Granite Construction, Inc. partnered with Oldcastle Infrastructure to manufacture a box culvert solution for the Pepin Creek install that will work towards providing a sustainable fish passage for the area.
CHALLENGE
The install at Pepin Creek with Granite Construction, Inc. required removal of the current box culvert structures that impede fish passage and a larger box culvert replacement as a solution that supports the native stream, imitating a natural creek bed.
Specific challenges that the Oldcastle Infrastructure team faced during this project includes:
• Customizing a larger box culvert solution for fish passage purposes that would imitate the natural creek bed using rocks and dirt.
• Ensuring design approvals were within the project timeline.
• Fitting the culverts together prior to shipping to assist with the tight three-day installation window.
• Overseeing the loading and delivery of 60 trucks leaving the manufacturing facility in timely intervals.
SOLUTION
This project showcases Oldcastle Infrastructure’s ability to provide comprehensive support from initial design and engineering services through timely delivery as a single source of supply for this split box culvert fish passage solution. With so many critical pieces to the project, thorough planning and departmental teamwork was required for success.

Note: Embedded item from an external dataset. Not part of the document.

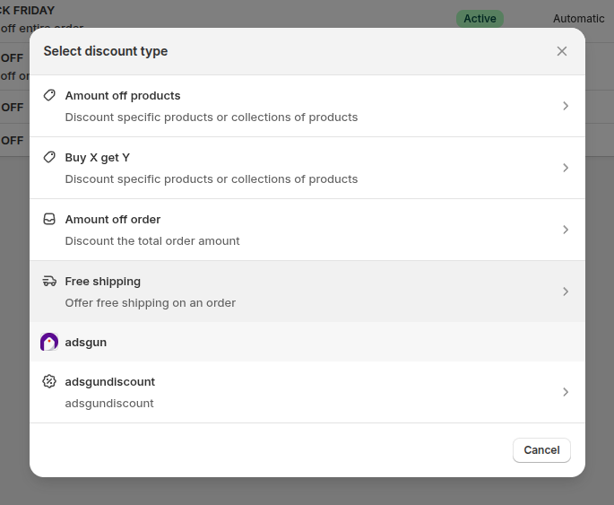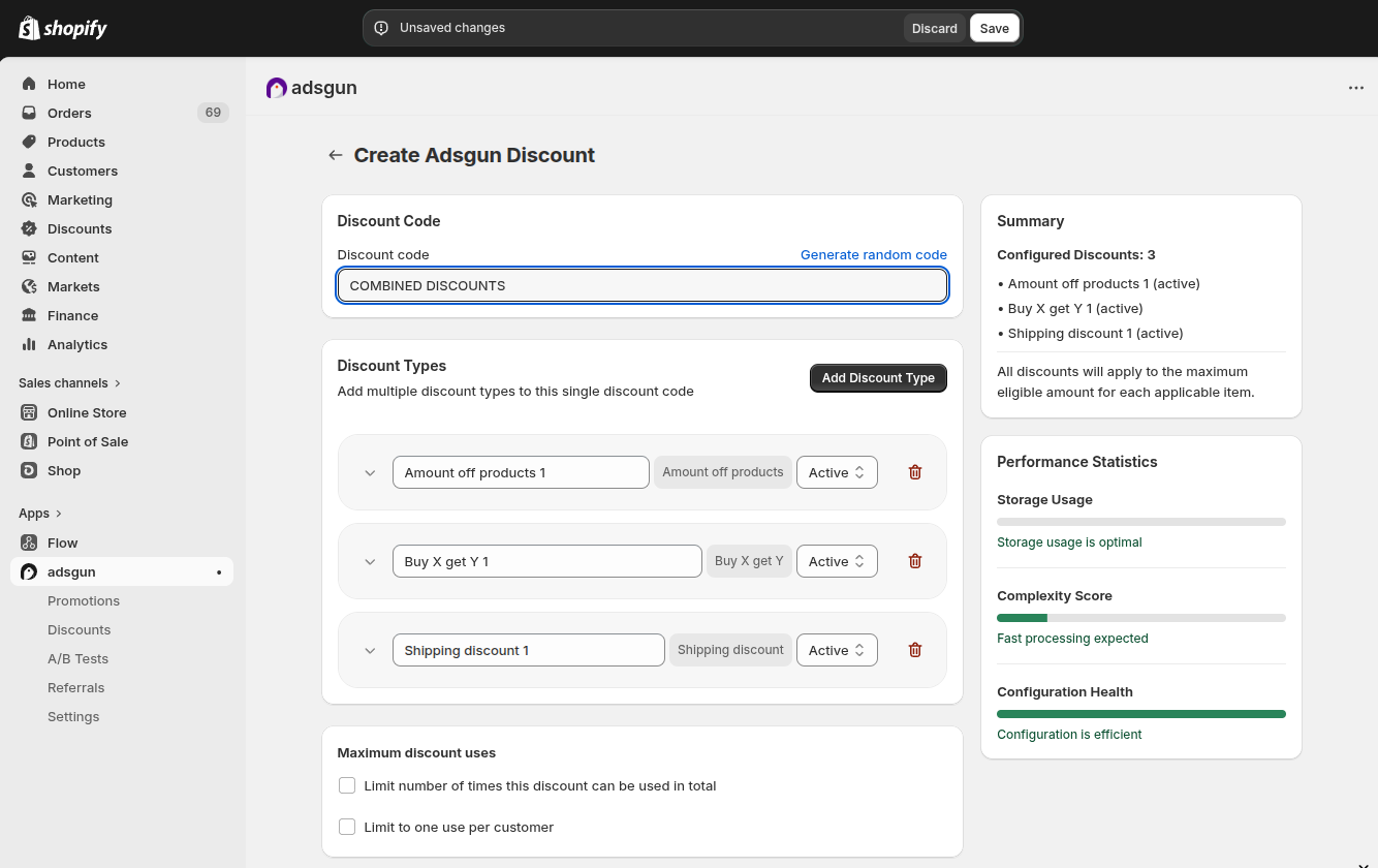 In addition to native Shopify discounts, Adsgun has its own built-in discount system called Adsgun Discounts. These are managed entirely within the Adsgun app and give you significantly more flexibility than what Shopify natively allows.

Three split box culverts with head walls and wing walls, were produced during a six-to-eight-month manufacturing period that ended with extensive quality checks, consistent with the specifications requiring the products to be dry fit and preassembled in the plant. These box culverts contributed to the overall coordinated effort of the removal and replacement of fish passage barriers.
BENEFITS
While the project met all time, budget, and specification parameters for the enlarged structure, the ultimate benefit is much bigger. This project is about restoring historic salmon and steelhead runs that have been interrupted for decades.
Sustainability
Restoring fish and wildlife habitats fits in naturally with Oldcastle Infrastructure’s overall commitment to sustainability and we are proud to have partnered with WSDOT to have completed over 100 fish passage culvert projects. These projects have helped to improve access to hundreds of miles of blocked salmon and steelhead habitat. The Department of Fish and Wildlife has found fish spawning upstream at over half of the completed WSDOT fish passage project sites*. The opportunity to recreate these natural migration patterns as part of a sustainable ecosystem is historically significant. Oldcastle is a full solutions provider for barrier corrections and fish habitat improvements providing a permanent sustainable solution like a natural stream.
Resilience
The strength of concrete contributes to the resiliency of these box culverts. They will deliver long-lasting, high-performance with a service life of over 100 years. Built for the long-term, precast box culverts are engineered to withstand external forces and maintain structural integrity throughout their entire lifecycle. The product’s long service life will prevent the need for replacement further contributing to its sustainability.
Installation Time
Precast concrete only requires onsite assembly, providing a quicker install compared to for allowing this project to be completed in 3 days.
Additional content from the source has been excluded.